Garlands studded with deep blue and pale pink gentians decorated the colonnade which ran along the exterior of the ancient market hall.

Long tables had been set out behind its thin columns, laid with an assortment of crystal and china vases ready to receive the fresher flowers which would come in the morning.

Everything had been done in the way weddings were always done.

Except they won’t have made my mother’s special cake, and no wedding here is complete without that.

The instant Noemi pictured a laughing bride cutting into the almond and cherry layers, she had her plan.

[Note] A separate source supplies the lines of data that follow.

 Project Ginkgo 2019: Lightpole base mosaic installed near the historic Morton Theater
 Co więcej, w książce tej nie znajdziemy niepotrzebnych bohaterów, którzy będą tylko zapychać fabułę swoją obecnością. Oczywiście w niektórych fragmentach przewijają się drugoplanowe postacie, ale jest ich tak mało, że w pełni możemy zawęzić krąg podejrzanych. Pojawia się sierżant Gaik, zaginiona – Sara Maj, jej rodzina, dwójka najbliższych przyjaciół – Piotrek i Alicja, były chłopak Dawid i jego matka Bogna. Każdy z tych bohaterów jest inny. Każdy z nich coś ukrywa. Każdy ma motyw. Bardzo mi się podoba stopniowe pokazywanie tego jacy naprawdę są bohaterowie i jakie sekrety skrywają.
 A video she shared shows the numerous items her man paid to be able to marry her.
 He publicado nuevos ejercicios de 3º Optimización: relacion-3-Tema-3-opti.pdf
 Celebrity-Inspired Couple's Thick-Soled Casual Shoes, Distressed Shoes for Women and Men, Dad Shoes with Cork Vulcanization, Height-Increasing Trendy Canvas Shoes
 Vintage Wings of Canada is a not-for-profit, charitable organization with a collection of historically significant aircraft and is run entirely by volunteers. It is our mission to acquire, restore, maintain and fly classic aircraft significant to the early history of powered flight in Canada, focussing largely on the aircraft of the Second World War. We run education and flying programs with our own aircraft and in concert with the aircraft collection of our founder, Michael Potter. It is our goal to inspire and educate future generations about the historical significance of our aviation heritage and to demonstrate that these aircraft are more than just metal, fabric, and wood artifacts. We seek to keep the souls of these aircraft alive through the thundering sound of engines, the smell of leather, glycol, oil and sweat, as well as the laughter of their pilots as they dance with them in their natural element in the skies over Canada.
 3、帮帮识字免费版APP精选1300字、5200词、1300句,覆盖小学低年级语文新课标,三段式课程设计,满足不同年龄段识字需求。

She made her way round the square by hugging its edges and headed towards the long row which housed the buildings which had once belonged to the Drachmanns.

The doors to the café, and to the bar and shop, were locked, as Noemi had expected.

There was one lamp burning softly behind the curtains in the flat above them where she’d once lived.

But there was no light at all at the back of the building; there wasn’t even a cat to notice her coming as she circled round the side of the bakery.

The smells creeping from that were intoxicating.

Vanilla, cinnamon, ground spices and fruit steeped in brandy.

They promised a stockroom the war hadn’t decimated – or a town with good contacts on the black market.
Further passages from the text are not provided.